Anyhow, your cell/grid approach sounds to me like what most RPGS would use (generally with the 3/4 view). In such games, your character can face four directions, where you face in the direction you moved last. If this IS the case, skip to the next paragraph. Otherwise, if you are making some sort of smooth rotation (i.e instead of a solid facing, the character/token/whatever_moves smoothly turns ver several render frames), then what you can ideally do is, find the difference between the DESIRED angle (should be one of four for the cardinal directions) in terms of what you would need to incriment to go closer to said angle, and incriment a small portion of it. I still don't get how the formula works, but I beleive:
return ((((argument0 - argument1) mod 360) + 540) mod 360) - 180;
- will find the difference needed in terms of your current direction (arg0) to the desired (arg1). I have never done such smooth turning myself, though, so sorry if that is incorrect.
On the other hand, if you simply want to face the direction you move in, this is actually quite simple. My first recomendation would be to, if you don't already have something of this sort, have a function like move(direction), if your language supports enums, a direction enum would be useful here. (is this C#?) Inside that, you do a case statement (easy with only four cases). For reference, angles generally have RIGHT = 0, UP = 90, LEFT = 180, DOWN = 270 -hence, 360 = 0; Thus, you can, when moving said direction, rotate your (sprite?) character by the constant angle defined by that direction (as in, an absolute setting: calculating relative is a bit more tricky, but still pretty simple). Here is how I picture it:
void move(Direction direction)
{
switch (direction)
{
case RIGHT:
(set rotation/direction of character/sprite to 0)
(other stuffs, like updating grid array to movement)
break;
case DOWN:
(same as above but now it is 270)
break;
...
}
}
//UP = 90, LEFT = 180
Note that in general, 0 degrees is right, and it goes 360 degrees COUNTERclockwise.

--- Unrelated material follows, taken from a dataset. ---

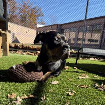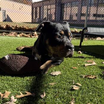 Who could say no to our tri-pod Rottie/Pittie Mix Rocco? This handsome boy is 2-years-old weighing in at 70 pounds...
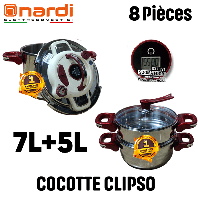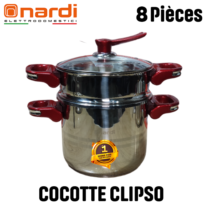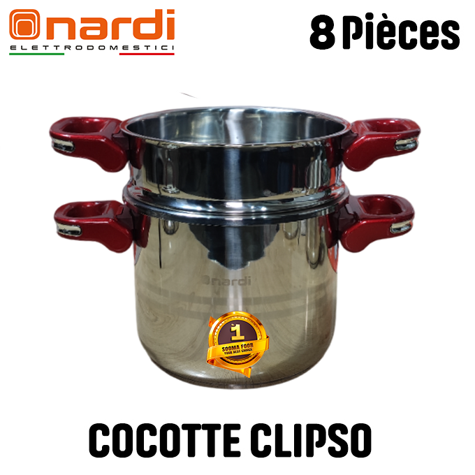 سومة فوور افضل خيار لكمNardi Cocotte 8 Pièces - inox 18/10 - 5+7 Litres CLIPSO + JOINT

However, these may depend on what you are using (I know an external library which seems to rotate clockwise, which in theory is more natural but conflicts with the more general view, so you will have to figure this out yourself). Also, in the case you just want a different sprite for each facing direction, then you can simply set the sprite by case, for example, in RIGHT case you can do sprite = RIGHT_SPRITE, etcetra.
Hopefully this will be useful, sorry if it isn't.